STORED DATA |
● ● ● ● ●

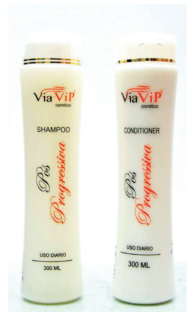
Viavip Cosméticos Ltda teve todos os seus produtos de beleza suspensos
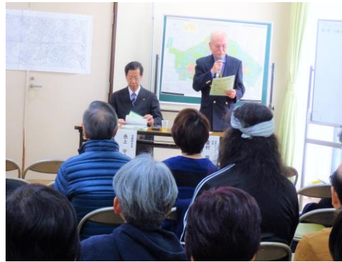
コミュニティの未来を考えましょう
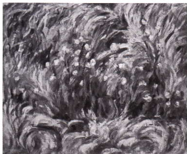
茂みの中の花 油彩 西村伊作
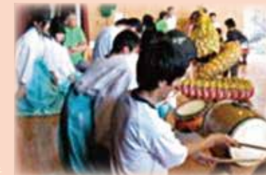
県立米子養護学校
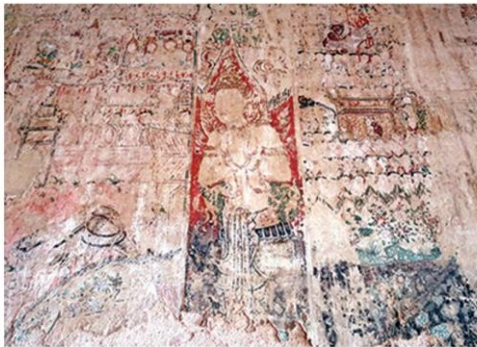
ภาพจิตรกรรมลบลือนไปมาก

● ● ● ● ●

The records above must be echoed exactly, minus their pictures.

TASK RESPONSE |
Viavip Cosméticos Ltda teve todos os seus produtos de beleza suspensos
コミュニティの未来を考えましょう
茂みの中の花 油彩 西村伊作
県立米子養護学校
ภาพจิตรกรรมลบลือนไปมาก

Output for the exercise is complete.